= Symphony No. 2 (Hovhaness) =

20th-century symphony by Alan Hovhaness

Symphony No. 2, Op. 132, Mysterious Mountain is a three-movement orchestral composition by the Armenian-American composer Alan Hovhaness. The symphony was commissioned by the conductor Leopold Stokowski and the Houston Symphony, and premiered live on NBC television in October 1955 on the Houston Symphony's first program with Stokowski as conductor. The first and most popular recording of the work, released in 1958 with the Chicago Symphony Orchestra performing under Fritz Reiner, is often regarded as the foremost performance of the piece. This recording, like early performances of the work, predates the composer's decision to categorize the work "symphony". Later on, the G. Schirmer published score was titled Mysterious Mountain with "Symphony No. 2" printed as a subtitle in smaller typeface.

==Style and composition==

===Instrumentation===
The symphony is scored for three flutes, two oboes and English horn, two B♭ clarinets and bass clarinet, two bassoons and contrabassoon, five horns, three B♭ trumpets, three trombones, tuba, timpani, celesta, harp, and strings.

===Structure===
The symphony has a duration of roughly 17 minutes and is composed in three movements:

The composition blends elements of consonant Western hymns, pentatonicism, and polyphonicism reminiscent of Renaissance music. The second movement also contains a reworking of ideas from Hovhaness's 1936 String Quartet No. 1.

===Opus number===
In a 1981 conversation with Charles Amirkhanian, Hovhaness detailed the rather haphazard way Mysterious Mountain acquired its opus number, recalling:
[Stokowski] called me up many times and talked to me about various things he wanted me to write and he said, 'Does it have an opus number? People like opus numbers. You know how dumb they are.' So I said, 'No, it doesn't have an opus number. I haven't catalogued my work.' 'Well how would 132'—or something like that, I think—'how would that be, do you think that gives you enough room for the things you've written?' And I said, 'Sure, that’s okay. I’ll start making a catalogue.' And he said, 'I like your titles, give it a title.' And so I gave it the title, Mysterious Mountain. Which I felt was mysterious enough.

==Reception==

===Critical response===
Contemporary critical reception to Mysterious Mountain was positive and it remains one of Hovhaness's most popular works. In 1995, Lawrence Johnson of the Chicago Tribune said the symphony "still amazes today" and that it "anticipated by nearly 40 years the spiritual, meditative quasi-minimalism of composers such as Pärt, Tavener and Górecki." Edward Greenfield of Gramophone noted similarities in the piece to the music of Ralph Vaughan Williams and favorably commented, "'Mountains are symbols, like pyramids, of man's attempt to know God', says the composer, and his spiritual purpose is expressed in the modal writing of the Andante outer movements, with overtones of Vaughan Williams pastoral as well as of Tallis, framing a central fugue characteristically smooth in its lines. The finale, at the start sounding like 'Tallis Fantasia meets Parsifal, culminates in a chorale leading to a grandiose conclusion."

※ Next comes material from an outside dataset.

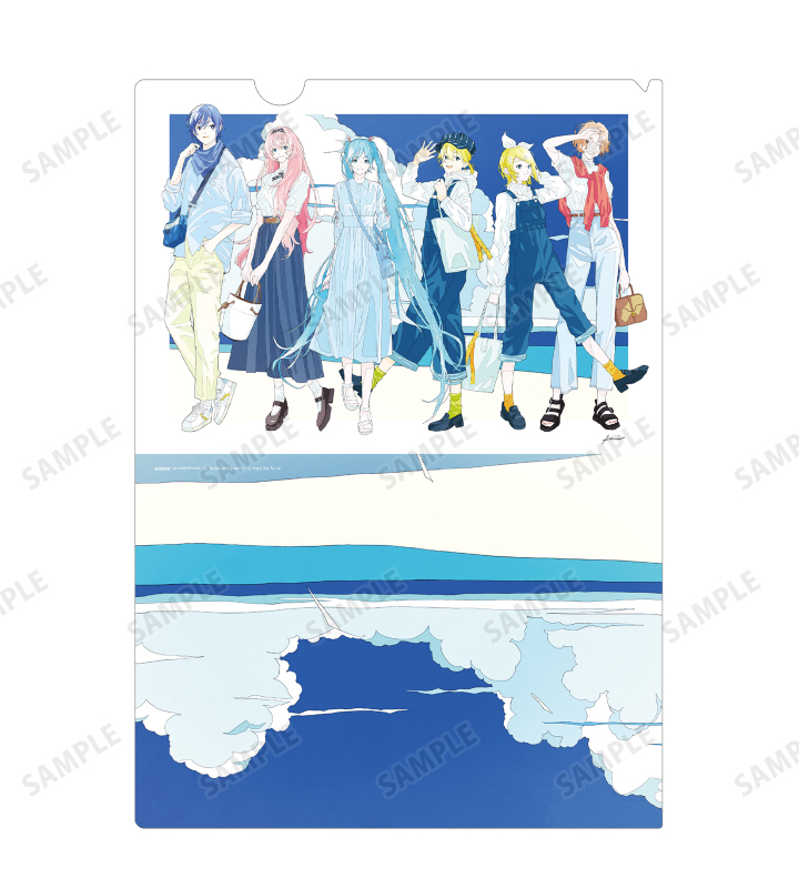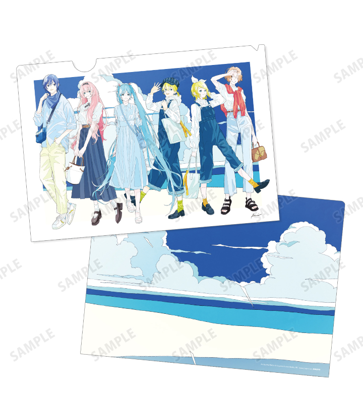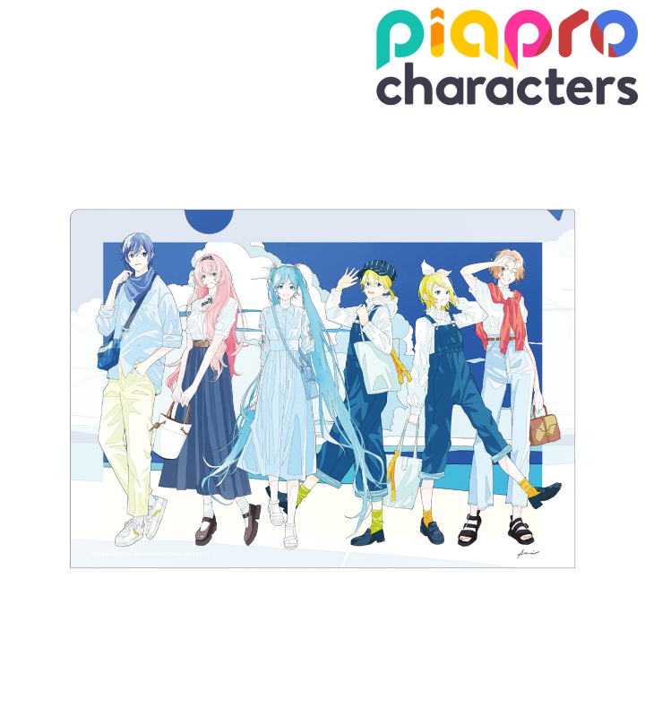 初音ミクたち『ピアプロキャラクターズ』×「かとうれい」のコラボレーションアイテム「描き下ろしイラスト 集合 初夏のお出かけver. Art by かとうれい クリアファイル」の登場です。

Not all early reports were uncritically enthusiastic, however. Harold C. Schonberg, reviewing a Carnegie Hall performance by Leopold Stokowski (on which Hovhaness's symphony shared the bill with the U.S. premiere of Vaughan Williams's Ninth Symphony, as well as works by Riegger and Orrego-Salas), pronounced Mysterious Mountain "well-made and full of delicate sounds", but found it "a not too convincing fusion of his Byzantine with Western elements".

===Hovhaness's opinion===
Despite the popular success of the symphony, Hovhaness expressed having "mixed feelings" about certain sections of the piece after its completion. In a 1987 interview, he was quoted saying:
I remember hearing celestial ballet in my head as I lay down to rest from writing the work. Later I transcribed what I heard in my sleep. After I wrote it, then heard it again in my sleep, certain versions were wrong. So I corrected it. Now I cannot bear to hear it [...] it's just certain parts move me. I go out of the hall whenever the piece is performed.

==In popular culture==
Passages from the second movement were quoted by musician Carlos Santana in the song "Transformation Day" from his 1979 album Oneness and the third movement is cited by Stars Of The Lid as a reference for their 2007 album, And Their Refinement of the Decline. Parts of the symphony were also used to score the 2014 film The Better Angels.

==Partial discography==
- 1958: Hovhaness: Mysterious Mountain, performed by the Chicago Symphony Orchestra, Fritz Reiner (dir.) – RCA Records.
- 1994: Hovhaness, A.: Symphony No. 2, "Mysterious Mountain" / Prayer of St. Gregory / And God Created Great Whales, performed by the Seattle Symphony, Gerard Schwarz (dir.) – Delos Records.
- 1997: The Five Sacred Trees/ Tree Line / Symphony No. 2, Op. 132 "Mysterious Mountain" / Old and Lost Rivers, performed by the London Symphony Orchestra, John Williams (dir.) – Sony Classical Records.
- 2003: Alan Hovhaness: Mysterious Mountains, performed by the Royal Liverpool Philharmonic, Gerard Schwarz (dir.) – Telarc.

==See also==
- List of compositions by Alan Hovhaness

==Bibliography==
- Shirodkar, Marco. "All About Mysterious Mountain"
- Simmons, Walter (2005). "All Music Guide to Classical Music: The Definitive Guide to Classical Music"
- Smith, William Ander (1990). "The Mystery of Leopold Stokowski"
- Abramian, Jackie (1991). "Conversations with Contemporary Armenian Artists"
- Weinstein, Norman (2009). "Carlos Santana: A Biography"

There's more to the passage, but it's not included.